╭──

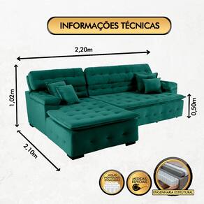 Sofá Retrátil e Reclinável Com Chaise Orlando 2.20x2.10m- Sofisticato
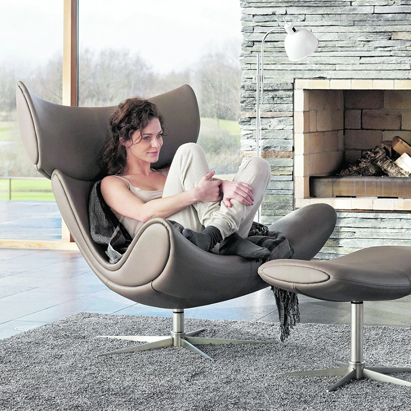 Designer Minimalist Lounge Chair - Creative Rotating Italian Genuine Leather Tiger Chair - Luxurious Single Sofa for Modern Living Room
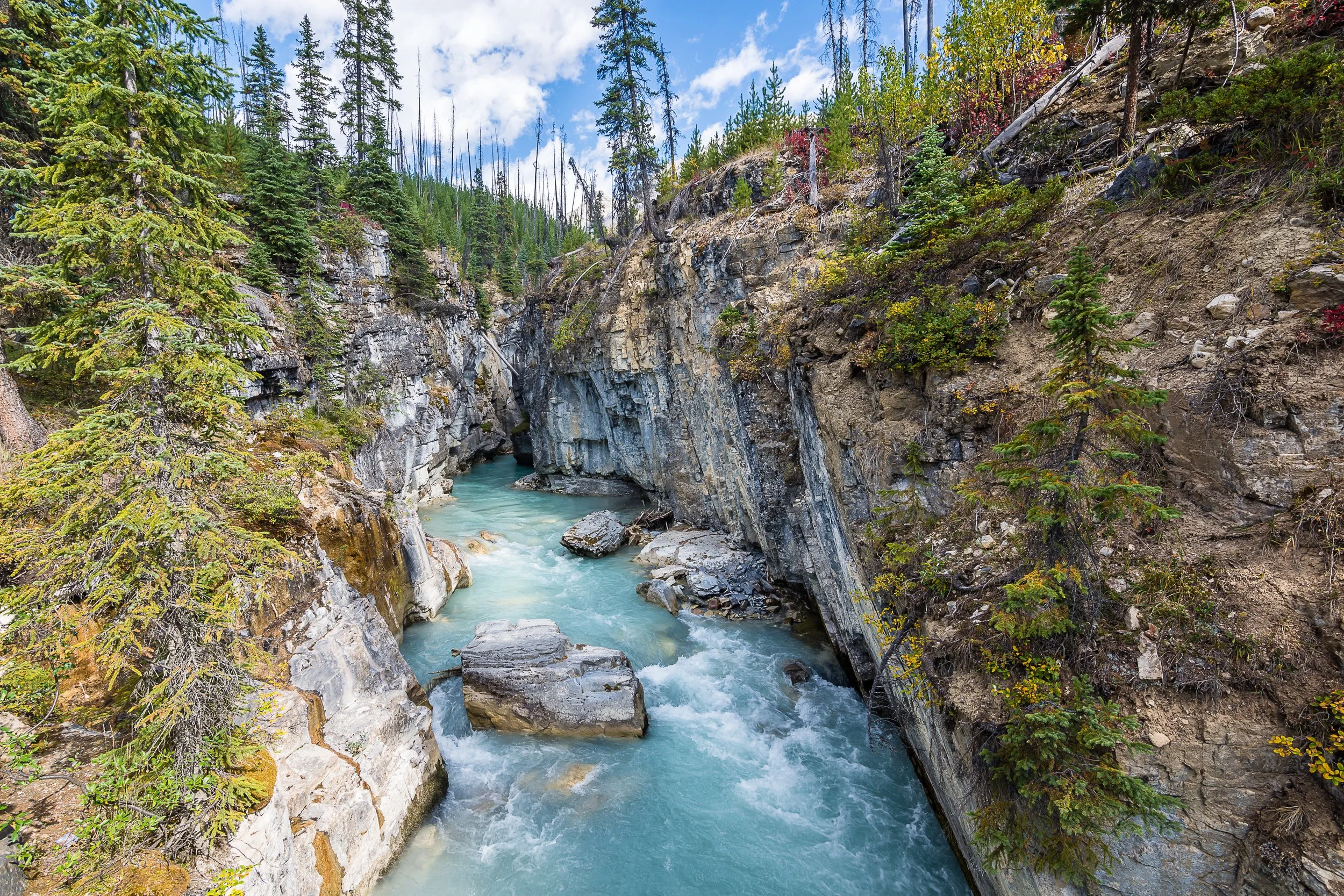 Drive a stunning scenic drive to Kootenay, offering stunning mountain landscapes and that showcase the best of the Canadian Rockies. Highlights include exploring the dramatic Marble Canyon and relaxing in the soothing waters of Radium Hot Springs.
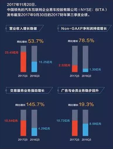 易车20日晚发布的2017年第三季度财报显示,营收为23.45亿美元,同比增长53.7%。Non-GAAP净利润人民币2.32亿元,同比增长78.5%。
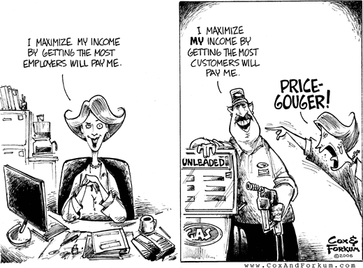 See how ridiculous that is? Like any other retailer, gas sellers can be expected to 'charge what they can get' for their product. But the market controls. If a gas station charges "significantly more" than other stations that are, in fact, "in the immediate vicinity," then you know what happens to that over-priced gas station? It loses its customers to the lower-priced competition. This isn't exactly advanced econ here folks. "Price gouging" is what happens when a commodity is rare and in high demand - like when a ticket broker gets his hands on a few Superbowl tickets and re-sells them at ten times face. That isn't what is happening out there on the mean streets of Massachusetts.
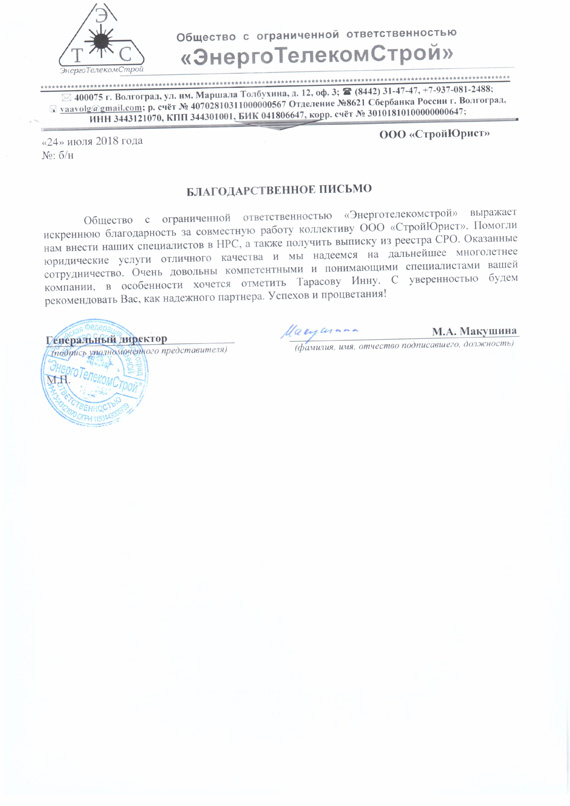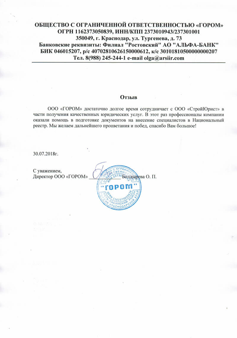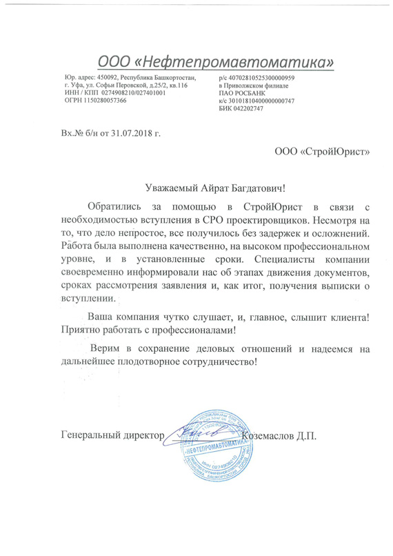 Отзывы клиентов "СтройЮрист" по вступлению в СРО в Альметьевске

╰──

**What the exercise asks**
Write out, word for word, the lines from the first line of the entries through the one containing "Drive a stunning", both included. Leave out the pictures.

**Solution**
 Sofá Retrátil e Reclinável Com Chaise Orlando 2.20x2.10m- Sofisticato
 Designer Minimalist Lounge Chair - Creative Rotating Italian Genuine Leather Tiger Chair - Luxurious Single Sofa for Modern Living Room
 Drive a stunning scenic drive to Kootenay, offering stunning mountain landscapes and that showcase the best of the Canadian Rockies. Highlights include exploring the dramatic Marble Canyon and relaxing in the soothing waters of Radium Hot Springs.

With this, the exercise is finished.